Task to carry out
Word for word, write the lines below out again, with no pictures.

Data section
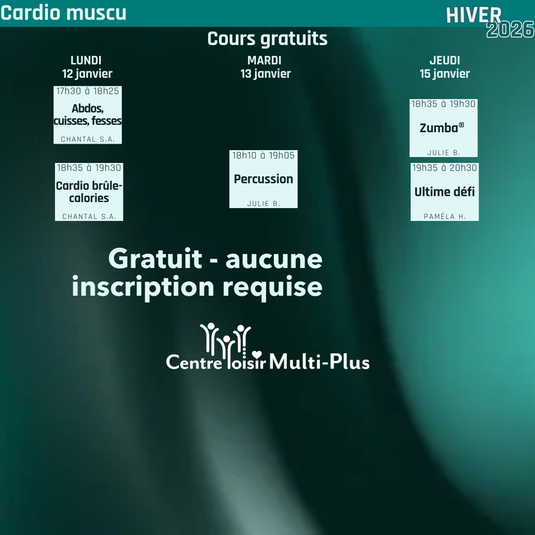 Cours d'entraînement varié et motivant ! Un mélange énergique de cardio step, boxe, tabata, pump, abdos-fesses-cuisses et plus encore — tout en une seule session! Idéal pour finir la semaine en force (ou bouger après un 5 à 7 pas trop arrosé!) |
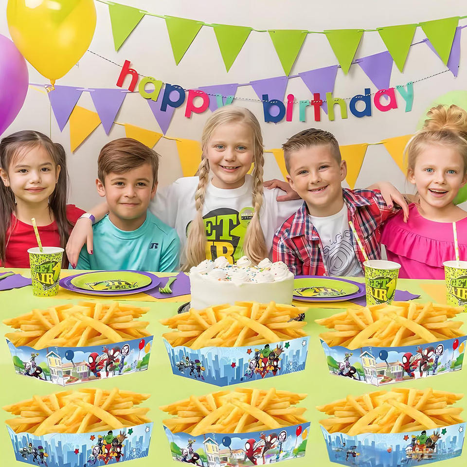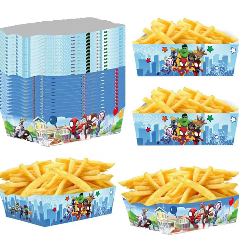 ถาดกระดาษใส่เฟรนช์ฟรายส์แบบใช้แล้วทิ้ง ดีไซน์กันรั่ว สำหรับบรรจุภัณฑ์อาหารจานด่วนแบบนำกลับบ้าน
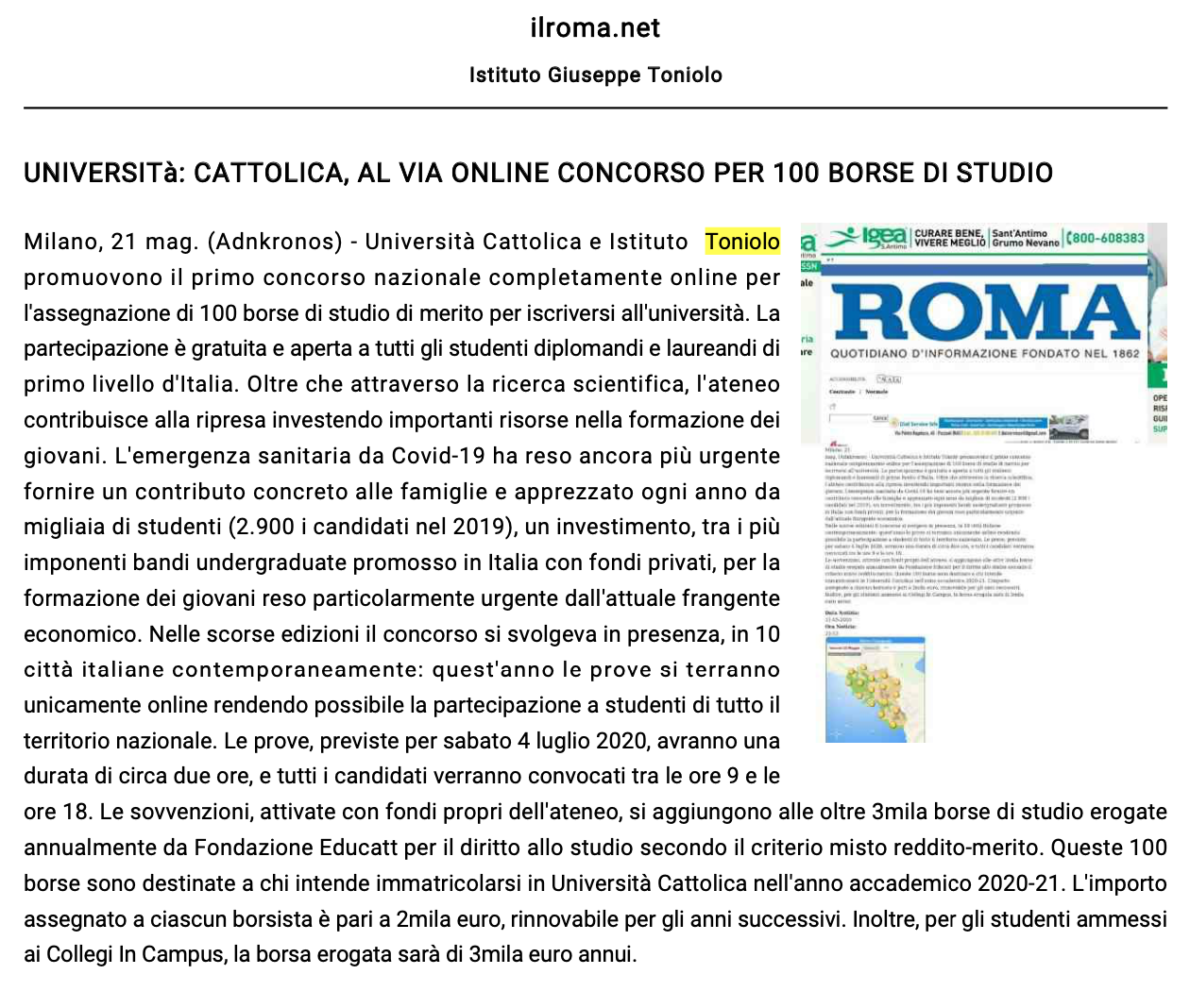 Il sostegno di Cattolica e Istituto Toniolo agli studenti

Exercise output
 Cours d'entraînement varié et motivant ! Un mélange énergique de cardio step, boxe, tabata, pump, abdos-fesses-cuisses et plus encore — tout en une seule session! Idéal pour finir la semaine en force (ou bouger après un 5 à 7 pas trop arrosé!) |
 ถาดกระดาษใส่เฟรนช์ฟรายส์แบบใช้แล้วทิ้ง ดีไซน์กันรั่ว สำหรับบรรจุภัณฑ์อาหารจานด่วนแบบนำกลับบ้าน
 Il sostegno di Cattolica e Istituto Toniolo agli studenti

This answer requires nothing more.